Бекмер терпеливо ждал когда византиец закончит возиться с телом. Старый каган давно догадался что Антоний не простой посол базилевсов, но ни словом, ни жестом не выказал своей осведомленности. В отличие от него, Бекмер-младший непонимающе смотрел за действиями византийца, но видя молчаливое одобрение отца решил отложить выяснения до времени.
Наконец Антоний закончил осмотр и почтительно поклонившись присел рядом с каганом. Бекмер протянул хмурому магу полную великолепного вина чашу. Глаза младшего сердито сверкнули: кто такой этот византиец, что отец оказывает ему такую честь.
Антоний смиренно склонил голову.
— Благодарю тебя, Великий Каган.
— Пей, и поведай нам, что думаешь об этой смерти.
Скривившись будто хлебнул уксуса, Антоний отставил вино.
— Каган, это большая потеря, но для нашего дела это ровным счетом ничего не значит. Так, мелкие фокусы местных колдунов.
— Колдунов? — Бекмер озабоченно потер крепкую широкую шею. — Но если колдуны… Значит русы знают о нашем приближении?
— Не думаю. Если бы знали, давно бы уже привели войска.
Бекмер с сыном недоверчиво переглянулись и маг поспешно добавил.

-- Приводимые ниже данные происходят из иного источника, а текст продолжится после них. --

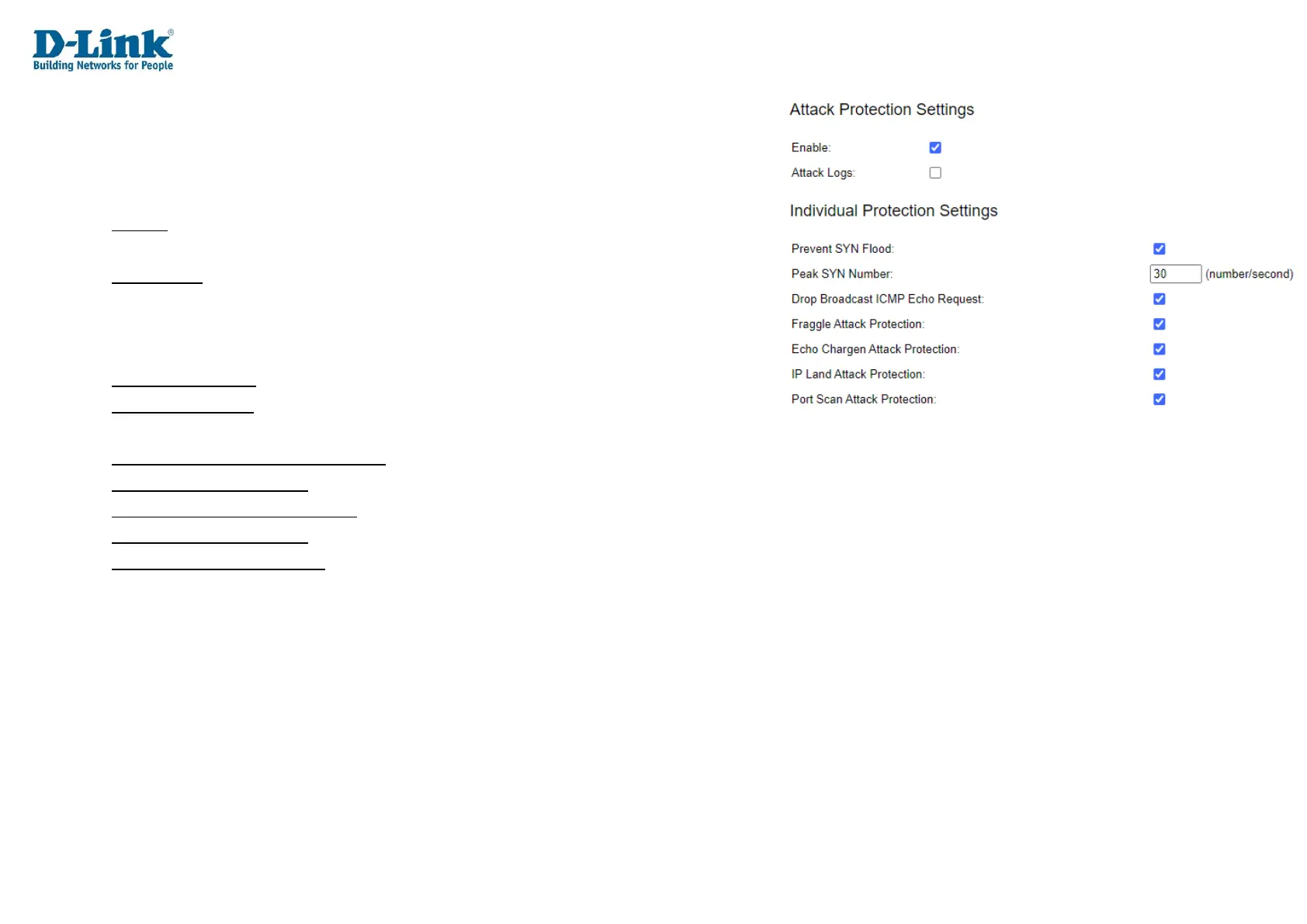 This allows you to set up Denial of Service (DoS) prevention rules on the DWR-957M.

— Поверь мне, каган, у князя русов сейчас и без нас хватает проблем.
— Ну, если ты так говоришь… — все еще с сомнением пожевал губами каган.
— Просто поверь, — улыбнулся одними губами Антоний. — А сейчас, прости, но сейчас я хотел бы обдумать произошедшее в одиночестве.

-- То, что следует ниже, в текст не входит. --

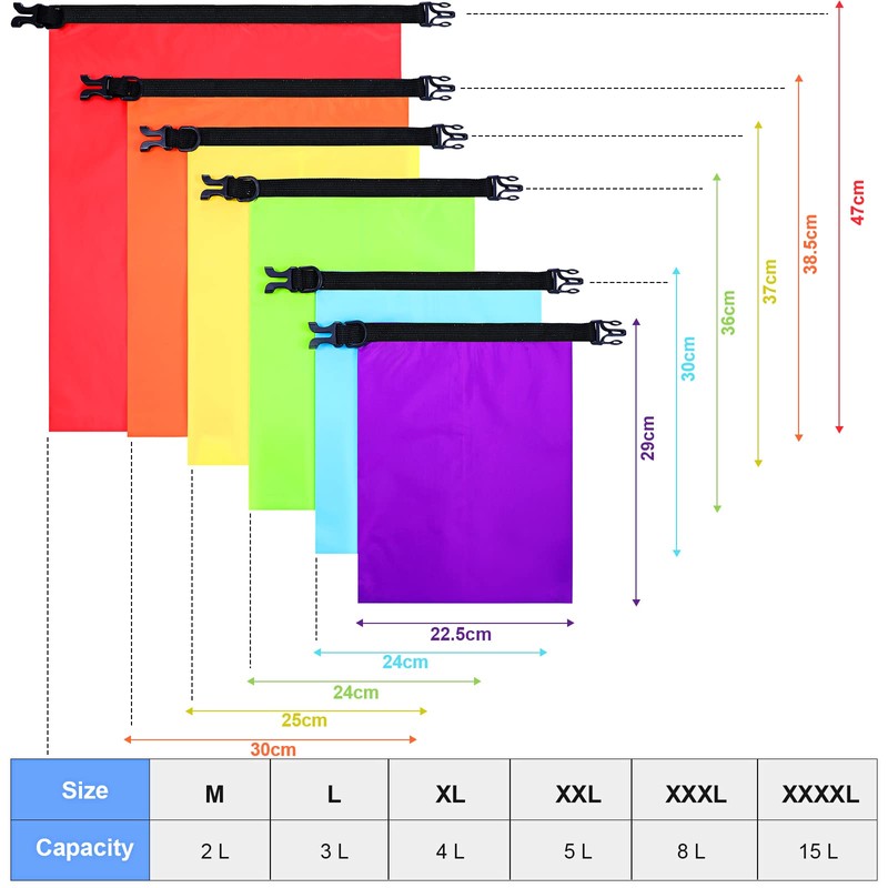 - Ample amount: the package includes 12 pieces of waterproof dry bags, including the capacity of 15 L, 8 L, 5 L, 4 L, 3 L and 2 L, 2 pieces of long adjustable shoulder straps (15 L and 8 L may need to use), different sizes and colors are prepared to satisfy your various needs

Бекмер благосклонно кивнул.
— Мой сын, — он обратился к нетерпеливо ерзавшему на подушках сыну. — Иди с нашим достойным гостем, и отдай приказы сотникам, что бы усилили посты. Нужно быть бдительными.
Каган с нежностью смотрел на вскочившего с готовностью сына. Достойный вырос наследник. Унаследовавший красоту от своей матери Тайчар, что в молодости слыла первой красавицей хазарского каганата, он тем не менее не знал себе равных в сабельных схватках. А доставшийся от отца талант полководца уже не раз посрамлял более опытных, убеленных сединами и украшенных шрамами военачальников. Поддавшись непонятному порыву, Бекмер потянулся к нему.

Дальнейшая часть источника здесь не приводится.